Otra facultad del espíritu humano es apetecer lo que conviene a su naturaleza y repugnar lo que no le conviene. Dotado de una voluntad libre, puede seguir este apetito según su albedrío y en cada instante, según el juicio que formare de la conveniencia o desconveniencia de su acción con su propio interés. A su razón toca presentarle en cada acción este interés; pero a su voluntad toca abrazarle. ¿Quién será el que, reflexionando sobre lo que pasa dentro de sí, no conozca estas dos facultades?
Otras muchas se pueden distinguir en el alma humana, pero nuestro propósito nos obliga a fijarnos en estas, como las más principales, y a las cuales se pueden referir todas las demás.
Ahora bien, ¿quién dudará que el hombre puede perfeccionar una y otra por medio de la Instrucción? Juzguémosle por pocos, pero claros ejemplos.

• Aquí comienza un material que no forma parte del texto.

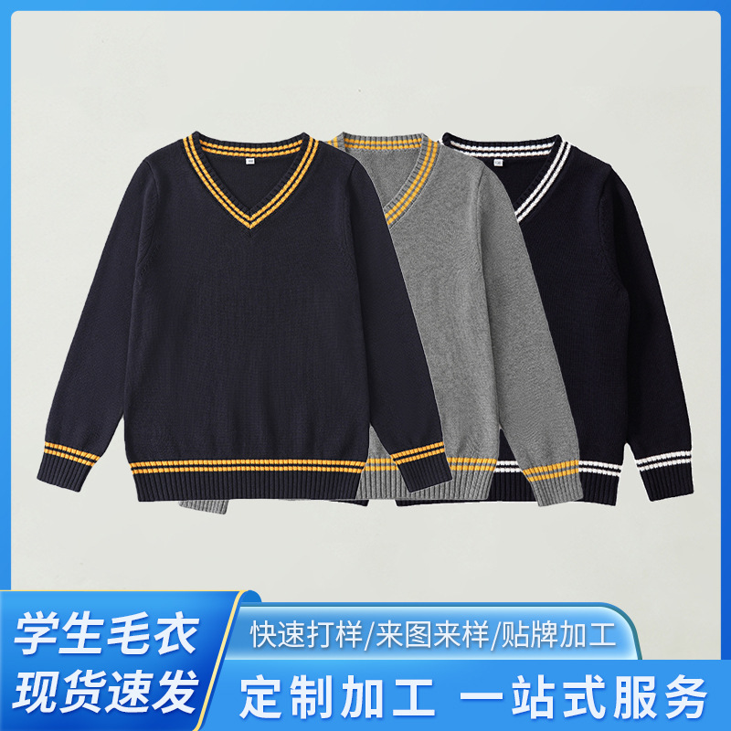 Children’s Sweater 2023 New Spring and Autumn Korean Style Chicken Heart Collar Long Sleeve Knitted Shirt School Uniform Coat Cotton Sweater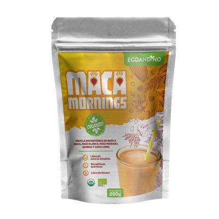Deliciosa mezcla instantánea a base de maca, maíz blanco, maíz morado, quinua y camu camu. Estas deliciosas mezclas en polvo son excelentes para la salud, porque no contienen azúcar añadida, no contienen aditivos químicos ¡y son totalmente orgánicas! Disfrutar de los Mornings de Ecoandino te dará todos los beneficios de los superalimentos. La Maca es un súper alimento ideal para un estilo de vida saludable.

El hombre recibe todas sus primeras ideas por los sentidos; su alma las percibe y compara, y obra sobre ellas. El ejercicio facilita sus operaciones; la costumbre las convierte en hábitos intelectuales. ¡Cuánta diferencia en el raciocinio de un niño a un adulto, y de un adulto a un anciano! ¡Cuánta, del que se ocupa toda su vida en hacer clavos o del que la pasa en meditaciones astronómicas o morales! Decimos que un niño ha llegado al uso de razón cuando, a fuerza de ejercitar esta facultad, ha llegado a ejercitarla con algún acierto; y llámase hombre de buena razón al que, a fuerza de ejercitar la suya en muchedumbre de objetos y negocios, se ha hecho capaz de juzgar rectamente de ellos. En fin, como el hombre físico, el hombre racional se instruye por el ejercicio de sus fuerzas intelectuales.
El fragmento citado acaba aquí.